Vancouver

VANCOUVER IS A HUB OF HEALTH AND HEDONISM

Direct flights make Vancouver's hub of health and hedonism a revitalising break

26 July 2012

There is no obesity in Vancouver. OK, that might be a generalisation (we did spy an overweight hippy on a mobility scooter) but in this rain-lashed city you’re forever bumping into laid-back types who are jogging, hiking, windsurfing and heli-skiing their lives towards fitness nirvana.

It’s no surprise Vancouverites are so fit, given their city perennially tops those ‘highest-living-standards-in-the-world’ polls. Thanks to the city’s seamless blending with nature (nestled snugly between snow-capped mountains and the Pacific), there’s no excuse not to be healthy. Locals scoff food so fresh it was probably plucked within a four-mile radius of their fork that morning, while a typical day could involve snowboarding before lunch followed by watersports all afternoon.

Then, at weekends, they hoof up the Grouse Grind, a thigh-deadening 2.9km scramble up the near-vertical face of Grouse Mountain. At 853m, it’s tantamount to clambering up the Shard three times.

Far less painful is cycling around Stanley Park. Renting a bicycle, we pedal the 404-hectare park’s Seawall Promenade. Starting at the white sail-like structure of Canada Place, we pass log-strewn beaches, totem poles, lighthouses, rocky outcrops and possibly crazy old ladies foraging for berries. Meanwhile, yachts bob in the ocean, tiny seaplanes buzz overhead and we inhale evergreen-scented air so fresh it’s hard to believe we’re in a 600,000-strong metropolis.

Yes, Vancouverites are svelte, but holidaying here may leave you feeling broader in the beam thanks to its unbeatable cuisine (a third of Vancouver’s population is Asian) and fresh seafood at the Blue Water Cafe ( bluewatercafe.net ).

If you fancy a splurge, visit CinCin ( cincin.net ), a voguish Italian restaurant where dishes such as grappa-marinated  sablefish are cooked in a wood-fired oven. On a budget? Hop aboard an Aquabus (dirt-cheap water taxis manned by spotty teenagers) to Granville Island Public Market, where seagulls the size of light aircraft lunge in as you browse stalls overflowing with shellfish, artisan cheeses and ‘Go Canada!’ cookies.

Vancouver is also enjoying a micro-brewery revolution. At Steamworks Brewing Company ( steamworks.com ), you can sample $12.50 CA (£7.90) tasters (eight half-pints of ale) while Bitter Tasting Room ( bittertastingroom.com ) offers beer cocktails, combining draught ales with the likes of Scotch and tequila. 

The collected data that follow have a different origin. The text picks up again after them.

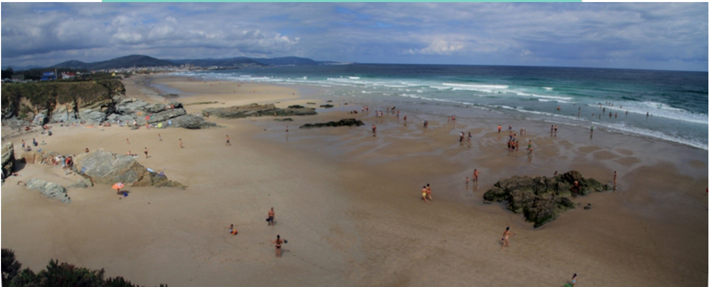
Praia de San Cosme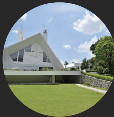
サビエル記念聖堂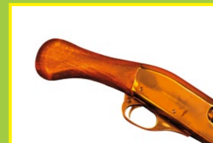
原木握把經過舊化，色澤迷人、握持就手。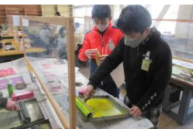
5年 インクを用意して版画を刷る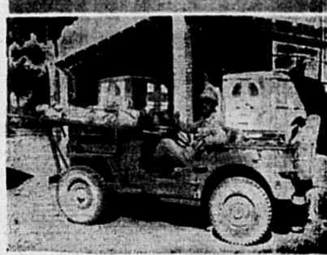
O tenente Bicalho num "jeep-ambulância". No alto o mesmo oficial com jardamento de inverno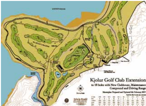
Göngu- og reiðstígar umhverfis og í gegnum Hlíðavöll gera öllum kleift að njóta hins fallega Blikastaðanes.

Golfklúbburinn þarf að sníða starfsemi sína að þessu, sem og þeim tvö þúsund dádýrum sem þar má finna og setja mikinn svip á umhverfið. Tvisvar á ári þurfa kylfingar að víkja fyrir reglubundnum viðburðum eins og Hubertus-hátíðinni, þar sem mikill fjöldi hesta, knapa og áhorfenda kemur saman, og Hermitage-hátíðinni, þar sem leið um 20 þúsund hlaupara og áhorfenda liggur um golfvöllinn.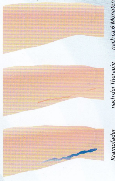
Verlauf nach der Laserung

Die gelaserte Vene wird vom Körper in natürlicher Weise aufgelöst, dieser Prozess dauert je nach Ausgangsgröße der Krampfader eine gewisse Zeit.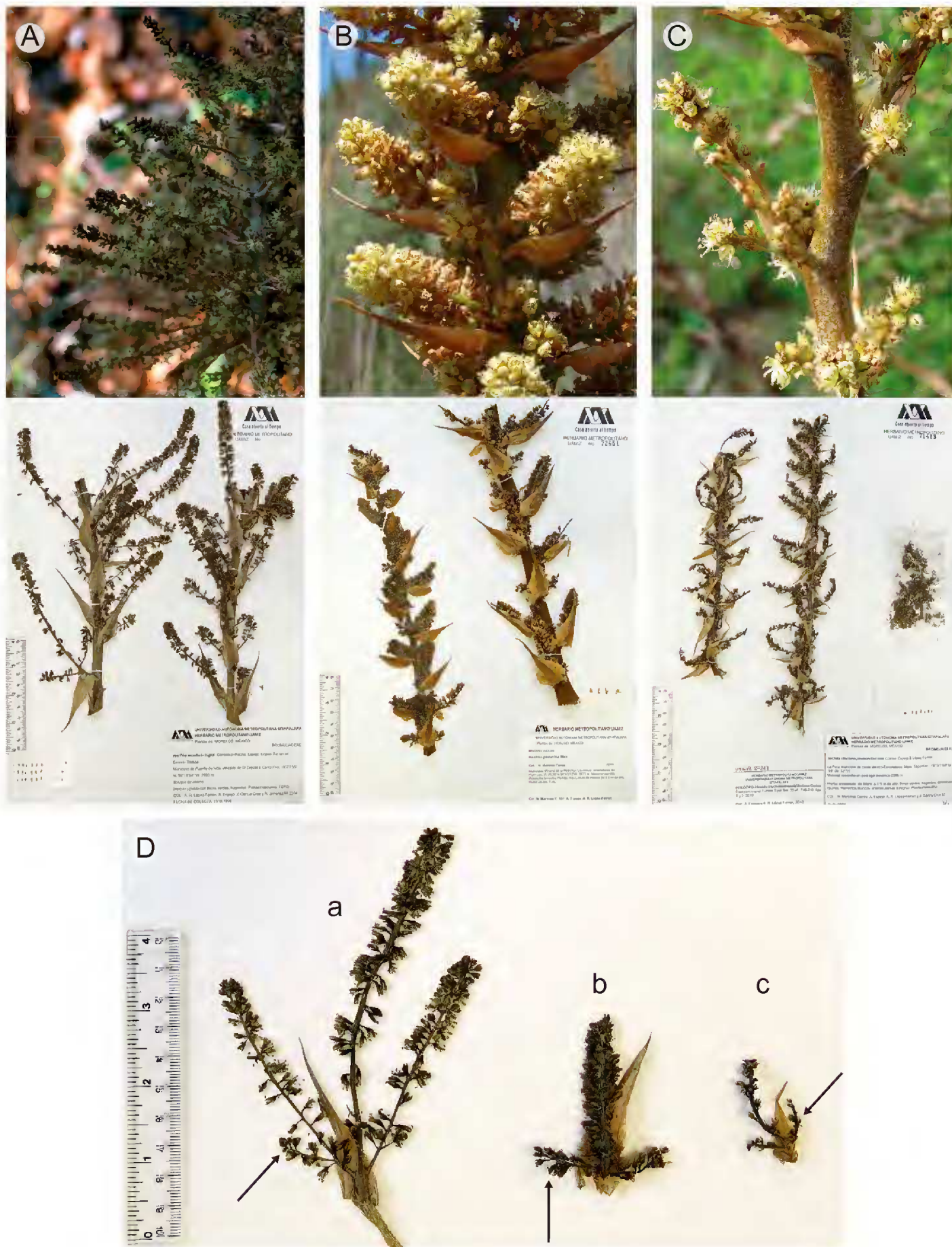
Fig. 3. Inflorescencias masculinas. A. H. montis-frigidi González-Rocha, Espejo, López-Ferr. et Cerros-Tlatilpa (A. R. López-Ferrari 2206). B. H. podantha Mez (N. Martínez C. 101). C. H. chichinautzensis Martínez-Correa, Espejo et López-Ferr. (N. Martínez C. 37). D. Ramas primarias: a) 3 veces ramificadas de H. montis-frigidi ; 2 veces ramificadas de b) H. podantha ; c) H. chichinautzensis .

Nearby is South Main (SoMa), a district once rife with drugs and prostitution. Now it’s Vancouver’s hipster hang-out, populated by caffeinated locals lurching from one whimsical vintage store to the next.

There’s a big sustainable fashion trend in Vancouver (aided by the biannual Eco Fashion Week, ecofashion-week.com ) and at stores such as Adhesif, designers cobble together amazing attire from thrift-shop clothes (think blouses made from second-hand scarves).

Such quirkiness extends to Vancouver’s accommodation. Yaletown’s boutique Opus Hotel might have swanky accoutrements such as in-room iPads you can take off-property  but it’s eccentric too, with its rooms assigned ‘personalities’ that affect chamber decor and CD selections. My walls were vivid red, inspired by ‘Mike, a gay doctor from New York’.

Plus, the bathrooms have floor-to-ceiling windows. Should guests wander to the loo naked, they’d need to pull the blinds lest they fancy being rubber-necked by office workers opposite.

Nearby is the Elbow Room ( theelbowroomcafe.com ). A greasy spoon run by two elderly gay men, its USP is rudeness. When Patrick (the couple’s bitchy half) snaps: ‘What do you ladies want?’ at a  table of square-jawed, no-nonsense jocks, their shocked reaction is hilarious.

Vancouver nightlife is half-Manhattan, half-Maidstone. For every gin-slinging cocktail joint such as Killjoy ( donnellygroup.ca ), there are a dozen streets seemingly tucked-up by 10.30pm. We chance upon the Railway Club ( therailwayclub.com ) after entering an unmarked door next to a 7-Eleven. When we leave, we stumble slap-bang into a beret-wearing beatnik with a cat perched on his shoulder, pirate-style. Fat people might be thin on the ground in Vancouver but big  characters are everywhere.